O Sinpro Minas encaminhou, ainda, a várias instâncias do poder público, um dossiê sobre as irregularidades na instituição de ensino, solicitando rapidez na apuração das denúncias de que o Promove teria recorrido a um artifício ilícito ao abrir uma offshore em paraíso fiscal no Uruguai, desde 2003, com o objetivo de blindar o patrimônio da escola.
O caso Promove ilustra bem algo que não é novidade para muitos professores: que muitos empresários da educação, preocupados unicamente com o lucro do negócio, pouco ou nada se importam com a qualidade do ensino e com as condições de trabalho e vida dos professores.
Retrospectiva
Desde 2003, os professores do Promove conviviam com atrasos no pagamento dos salários e descumprimento da legislação trabalhista.

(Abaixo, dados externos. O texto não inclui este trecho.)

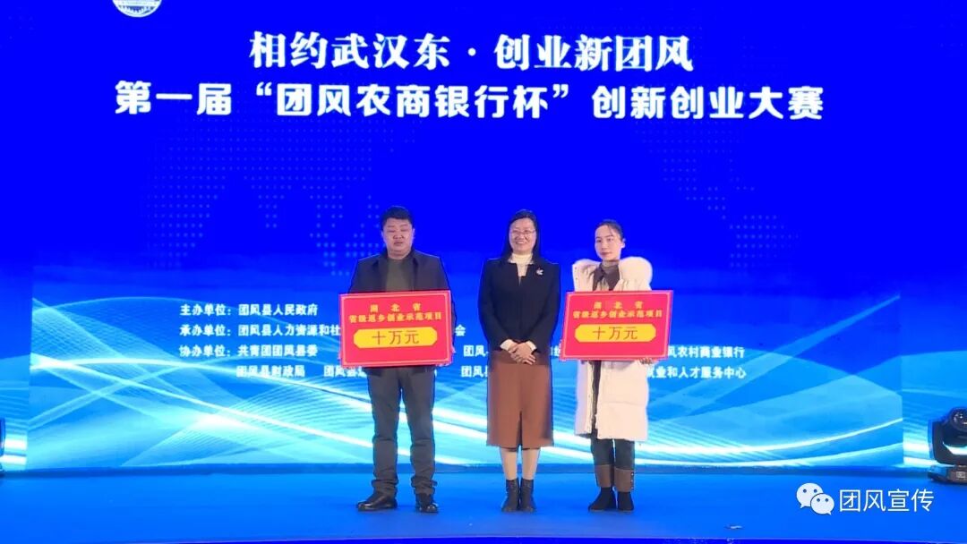 相约武汉东,创业新团风。12月4日,我县2023年第一届“团风农商银行杯”创新创业大赛隆重举行。县委常委、副县长汪秀芬出席启动仪式并为获奖者颁发奖金及奖杯。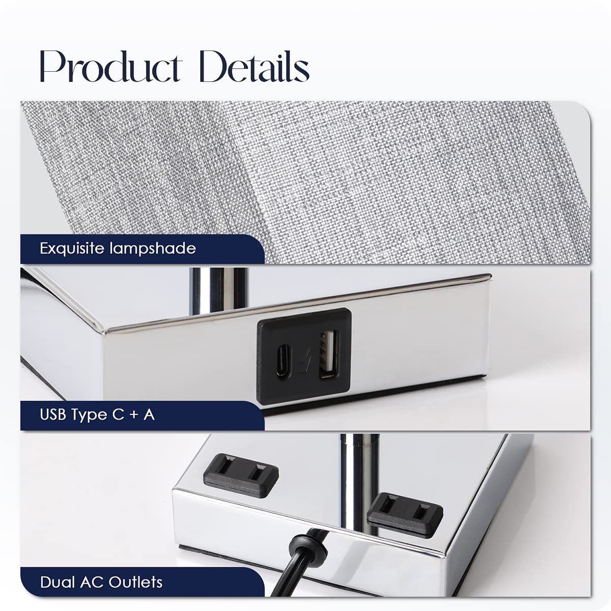Illuminate Your Bedroom With This Convenient Bedside Table Lamp. This Touch-Sensitive Lamp Features Usb C+A Charging Ports And Ac Outlets, Combining Functionality With Elegance. With A 3-Way Dimmable Function, You Can Easily Adjust The Brightness To Suit Your Needs. Equipped With A 6W Led Bulb Providing 300 Lumens Of Light, This Lamp Ensures A Warm And Inviting Ambiance. Estimated To Cost $1.21 Per Year Based On 5 Hours Of Daily Use, It Offers Both Efficiency And Style. Complete With Included Bulbs, This Lamp Is A Practical Addition To Your Living Space, Perfect For Enhancing Your Bedroom Or Living Room Decor.

O Sinpro Minas realizou várias assembléias, assim como buscou a intermediação da Delegacia Regional do Trabalho e do Ministério Público e ajuizou ações de cumprimento para a regularização das pendências trabalhistas. Os professores chegaram a fazer um dia de paralisação em setembro de 2006.
A Soebras apresentou um acordo, que previa o pagamento de parte do passivo trabalhista dos professores. Após várias tentativas de negociação, o Sinpro Minas decidiu por não assinar o acordo, considerado lesivo aos direitos dos professores. Essa decisão teve o aval da Delegacia Regional do Trabalho de Minas Gerais.